Allemagne : Les Turcs font censurer un rapport de police sur la criminalité immigrée

Allemagne : Les Turcs font censurer un rapport de police sur la criminalité immigrée

27/08/2012 — 17h00
BONN (NOVOpress) — C’est une histoire de censure ordinaire, comme il en arrive des dizaines de fois tous les jours, dès qu’il est question d’immigration, dans les rédactions et les administrations de tous les pays d’Europe. Mais la censure s’exécute le plus souvent anonymement et dans l’ombre. Il est rare qu’on puisse comme ici, grâce aux documents officiels découverts par le site allemand Politically Incorrect, savoir exactement selon quel mécanisme, et à l’initiative de qui, un document officiel a été caviardé et la vérité supprimée.

À l’origine, il y a un vaste plan de la municipalité de Bonn pour le développement, à coups de millions d’euros, du quartier de Neu-Tannenbusch à Bonn– le document n’a pas encore été supprimé sur le site de la mairie, où il est toujours disponible sous forme de PDF. On y lit p. 123, au chapitre « Prévention de la délinquance » :

« Il y a à Bonn-Neu-Tannenbusch, en raison de la structure sociale particulière des habitants, de la population multi-ethnique, et de la forte densité des logements dans les grands ensembles, une situation critique, avec un chômage élevé et des taux élevés de criminalité parmi les jeunes, qui rend indispensable une action rapide.

La criminalité dans le quartier de Neu-Tannenbusch a connu ces dernières années un développement inquiétant, en particulier s’agissant de la criminalité sur la voie publique. Les suspects sont constamment identifiés comme de jeunes hommes de moins de 21 ans, issus de l’immigration et avec un faible niveau culturel. Un manque croissant de respect et une disposition croissante à la violence se manifestent. En liaison avec cela, le sentiment d’insécurité de la population a notablement augmenté ».

Cet échantillon de prose administrative pourrait paraître assez inoffensif. Lorsqu’il a été repris sur le site internet de la police, dans un rapport sur « la criminalité des jeunes », il a pourtant suscité les protestations de Moussa Acharki, Eyup Akman et Abdlqalq Azrak, représentants du parti BIG au « conseil à l’intégration » de Bonn. BIG (Bündnis für Innovation und Gerechtigkeit, Entente pour l’innovation et la justice) a été créé en 2010 par des musulmans pour défendre les droits des immigrés. Selon l’encyclopédie Wikipedia, qui n’est pas suspecte de xénophobie, « le parti est considéré par différents observateurs comme une filiale du parti turc AKP, avec lequel il entretient une relation peu claire ». Le conseil à l’intégration est chargé de « promouvoir le vivre ensemble dans l’égalité des droits entre Allemands, migrantes et migrants », et la liste de ses membres parle d’elle-même.

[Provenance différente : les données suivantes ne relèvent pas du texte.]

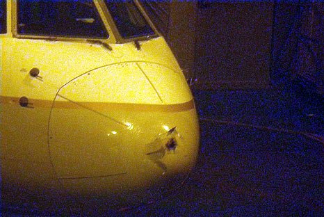 “巨爆”于起飛5分鐘后發(fā)生,機外閃過一道白光,機內(nèi)發(fā)出一下巨響,班巴當(dāng)時想:“我的天,我們的飛機要墜毀了。”數(shù)分鐘后,機師宣布客機遭閃電擊中要迫降,其后不足4分鐘便著陸。二人下機時,發(fā)現(xiàn)機頭一個很大的裂縫,他們才了解到剛才閃電的威力。

Acharki, Akman et Azrak ont donc présenté une motion : « En raison du danger d’ethniciser la criminalité et d’alimenter la stigmatisation, la préfecture de police de Bonn est priée de faire modifier la phrase, en supprimant les mots “issus de l’immigration” ». Pour ne vexer personne, le conseil à l’intégration est même allé au-delà et a réclamé à l’unanimité la suppression, non seulement d’« issus de l’immigration », mais aussi de « avec un faible niveau culturel ». La majorité social-démocrate du conseil municipal de Bonn a ensuite adopté cette motion telle quelle.

La demande a été transmise en juillet à la préfecture de police. La préfecture a répondu triomphalement ce mois-ci qu’elle avait devancé les désirs du conseil pour l’intégration : « Vous avez demandé le changement d’une formulation […]. La formulation que vous citez n’est plus employée depuis un certain temps sur le site internet de la préfecture de police de Bonn. »

La criminalité, elle, n’a pas disparu.